People were already waiting to vote when polls opened at 7 a.m., Day says. Those early birds were processed quickly and efficiently, and the P.A.L. has seen a steady stream of voters since. Day expects the crowds to continue well into the afternoon and evening, and also expects her staff of volunteers to continue moving voters through efficiently.
The large turnout is a good sign, Day says, and isn't due solely to the presidential election.
"Both parties have done their work in getting people out to vote. This is what it's all about."
12:10 p.m.: Precinct 9's ballot count stands at 934.
12:12 p.m.: Joe Kelley exits the building having just cast his ballot, and happy to have taken the time off work to do so.
"I think it's going to be a close race," Kelley says. "It's all going to boil down to the turnout."
12:15 p.m.: Karen Ashley has also taken time away from work to vote. She feels passionately about the importance of this year's election.
"We're going to go forward, or we can go back 100 years, depending on how it goes," she says.
A CNA, Ashley is especially concerned with Question 2, which would allow the prescription of life-ending medication, but would not require a physician to be present when they were administered.
"It needs to be more thought out," she says. "I believe in dying with dignity, but it should be more than a handful of pills."
Precinct 6: Morse Pond School
12:35 p.m.: Andrew Putnam, 22-year-old candidate for the Assembly of Delegates, is stationed at the mouth of the parking lot, aiding his own cause with a large sign. Putnam is making the rounds all day, moving from precinct to precinct. He also has supporters stationed at varous polling places; in this case, his sister, who is vigorously waving a sign just across the way.

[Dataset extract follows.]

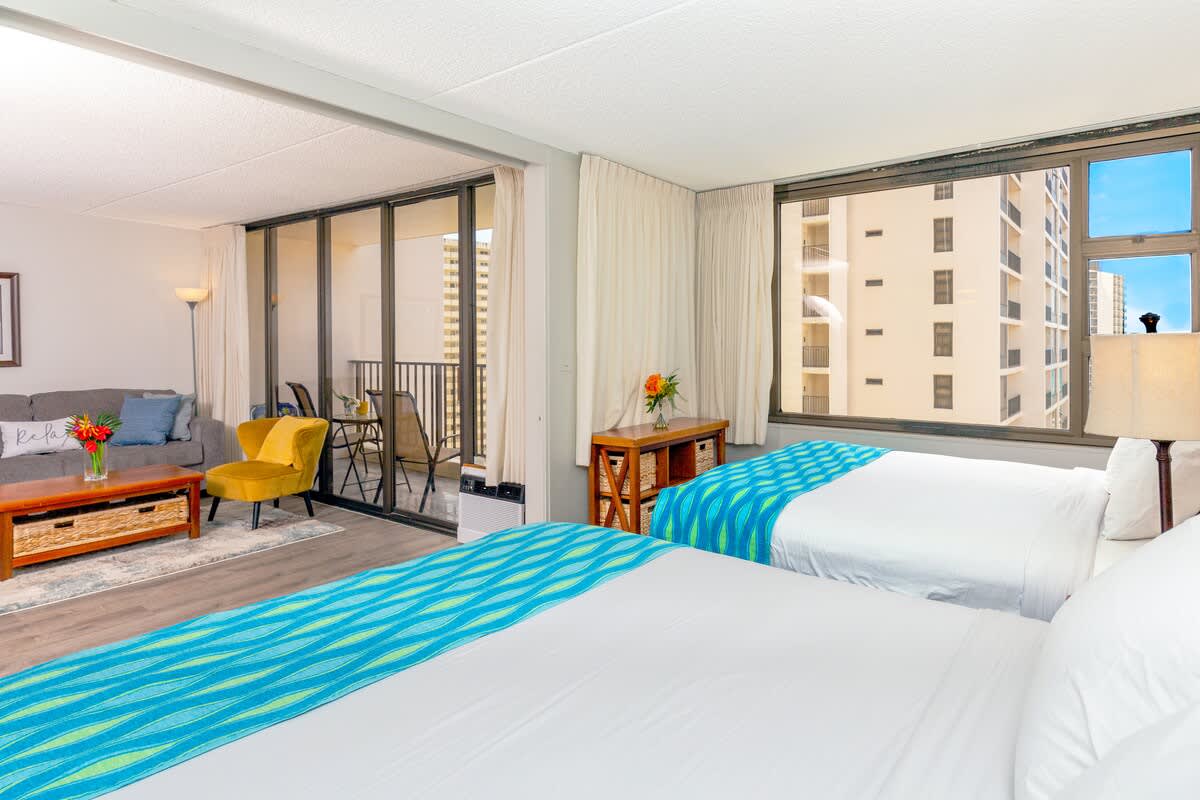 Beautiful one-bedroom condo brought to you by Midway Vacations on the 18th floor of the family-friendly Waikiki Banyan, sleeps 4, with stunning ocean views. Located just a block away from the renowned Waikiki Beach, international restaurants, and shopping centers, this unit provides the perfect blend of convenience and leisure. Embrace the added perks of complimentary parking and high-speed wireless internet ensuring a delightful and seamless stay!

"All I know is, it's a lot of positive feedback, very little negative feedback," Putnam says of his camapign thus far. "I feel confident. I feel like we're going to win this today."
12:42 p.m.: Not far from Putnam, John J. Ford waves a placard boosting Scott Brown and Thomas Keyes.

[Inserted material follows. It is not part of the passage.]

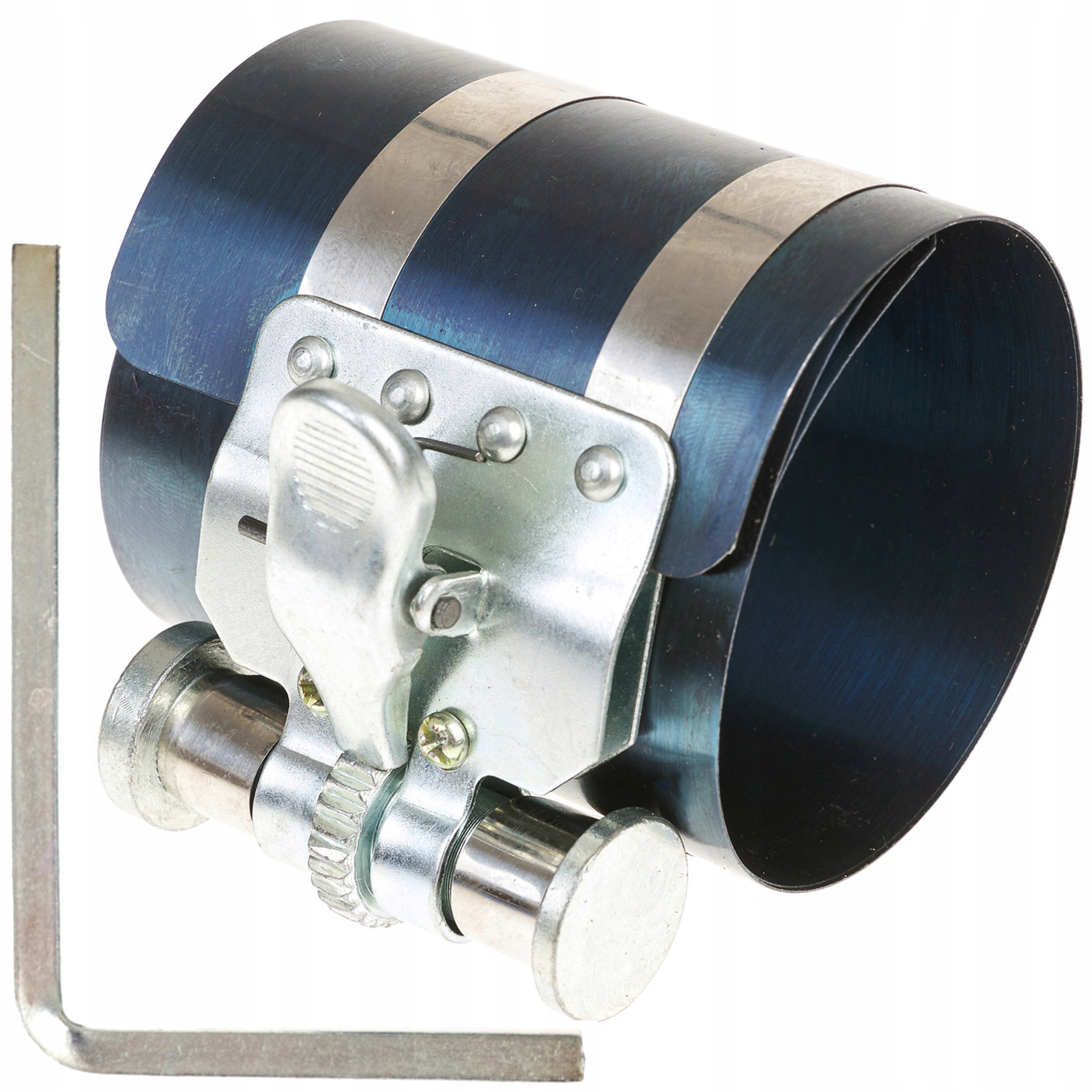 ⭐Поршневая лента с крючком и ключом для затягивания храпового механизма, помогающая установить поршень в корпус двигателя. Кримпер изготовлен из прочной стали, которая очень гибкая и позволяет сохранять правильную форму поршневых колец. Зажимной механизм имеет точную червячную передачу.

"I'm tired of what's been going on," Ford says. "and I think this is a way out of the mess that a lot of us are suffering from."
Of particular importance to Ford is the economy. "I think it's a very important cog in the wheel that's been driving on a flat tire. The Democratic side has shown me nothing but verbiage. The Repiblican side stands for action."
Ford has been spotted waving his sign all over the Upper Cape in the last few weeks. He says it's important for supporters to show their commitment to any voters who may still be undecided, rather than relying on campaign signs alone.
"I think people just drive by the signs. But when they see a human being out there, it stands for commitment."
12:55 p.m.: Just over 1,300 votes have been cast in Precinct 6.